[[ RAW DATA open ]]

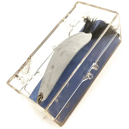 Un acabado niquelado define la estética de esta Weezel Rex Weedless Spoon, una cucharilla de lanzado de 12,5g (2/5oz) diseñada para pescar en vegetación densa. Fabricado por la Weezel Bait Co. en EE. UU. antes de que Eppinger asumiera la producción, este ejemplar representa una era específica en la fabricación de aparejos. Estampada directamente sobre el metal, la marca es clara y nítida. Con una longitud de 5,5cm (2 1/4"), la cucharilla cuenta con un robusto protector de maleza de alambre para proteger la punta del anzuelo. Plumas negras adornan la parte trasera, proporcionando un perfil visual distintivo que complementa el brillante acabado en níquel. El código de producto 11646 identifica este artículo sin usar, que se conserva en su caja original transparente con el fondo azul vintage. El metal y los componentes no muestran signos de antigüedad ni desgaste.
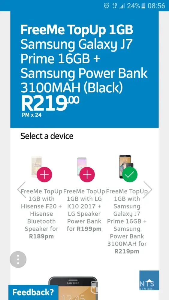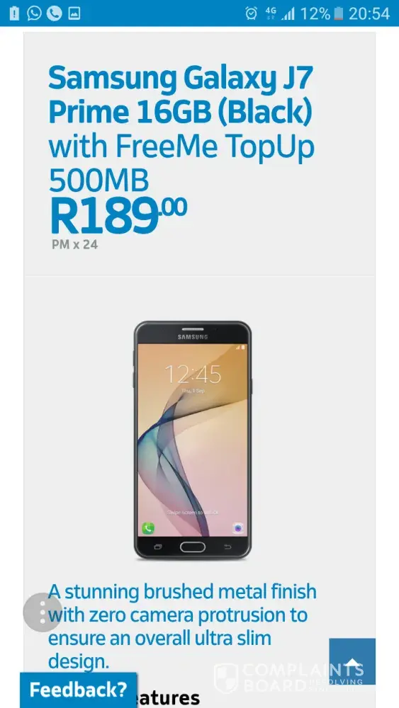 The phone was a present for my sister on her birthday. I sent the phone to her in Cape Town. When she received the phone she notified me that she only got 300mb. (I then thought it was only because the phone was not received from the start of the month they only gave some of the data and will then only bill us for a certain amount of data, as they did the same with my contract phone.) Then on the 1st of December she told me she had only received 500mb data and not 1Gig. I immediately phoned Telkom to ask what was going on. The lady at the call centre then told me that there is no 1Gig top up with the j7 Prime available and the contract is for 500mb there is only a 1Gig open contract available on the J7 Prime. I told her that there is a 1Gig Top Up with a J7 Prime and I have the proof from their Leaflet as well as a screenshot from their website. She then said I have to go back to the store where I received the phone so that they can rectify it.
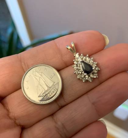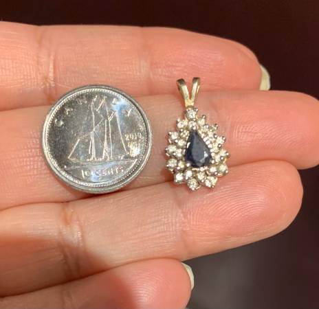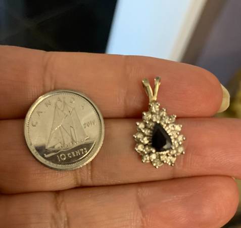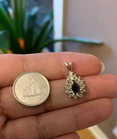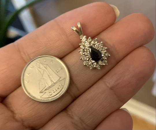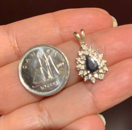 14K White Gold Pendant with Natural Sapphire and Natural Diamonds Stones Excellent Condition and Beautiful Design Can add a chain with a bit more money if interested please call or send an email
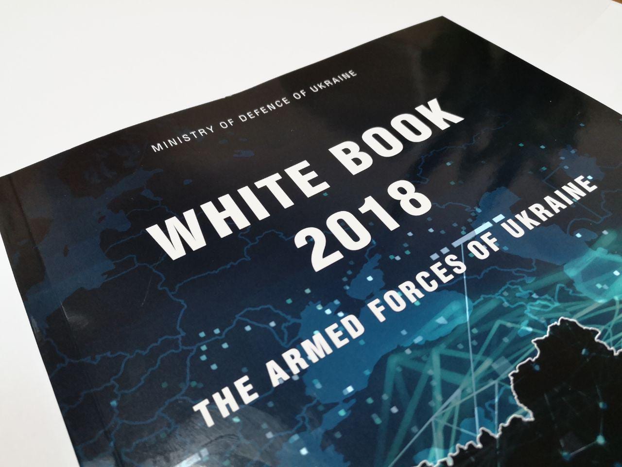 Довідка. Видання «Біла книга-2018. Збройні Сили України» присвячене питанням реформування Збройних Сил України. У виданні висвітлюються поточний стан Збройних Сил та головні напрями подальшого військового будівництва. Матеріали щорічника призначені для цивільних і військових фахівців у галузі військового будівництва, оборонної політики та політики безпеки, журналістів, викладачів і студентів профільних вузів та факультетів, а також усіх, хто цікавиться станом і напрямами розвитку Збройних Сил України. Вперше видання щорічника побачило світ у 2005 році і було присвячене проблемам реформування ЗС України.

[[ RAW DATA closed ]]

■ DIRECTIONS FOR THIS TASK
Leave out the pictures, and retype exactly the lines from the one containing "14K White Gold" through the final line of the data.

■ RESULT OF THIS EXERCISE
 14K White Gold Pendant with Natural Sapphire and Natural Diamonds Stones Excellent Condition and Beautiful Design Can add a chain with a bit more money if interested please call or send an email
 Довідка. Видання «Біла книга-2018. Збройні Сили України» присвячене питанням реформування Збройних Сил України. У виданні висвітлюються поточний стан Збройних Сил та головні напрями подальшого військового будівництва. Матеріали щорічника призначені для цивільних і військових фахівців у галузі військового будівництва, оборонної політики та політики безпеки, журналістів, викладачів і студентів профільних вузів та факультетів, а також усіх, хто цікавиться станом і напрямами розвитку Збройних Сил України. Вперше видання щорічника побачило світ у 2005 році і було присвячене проблемам реформування ЗС України.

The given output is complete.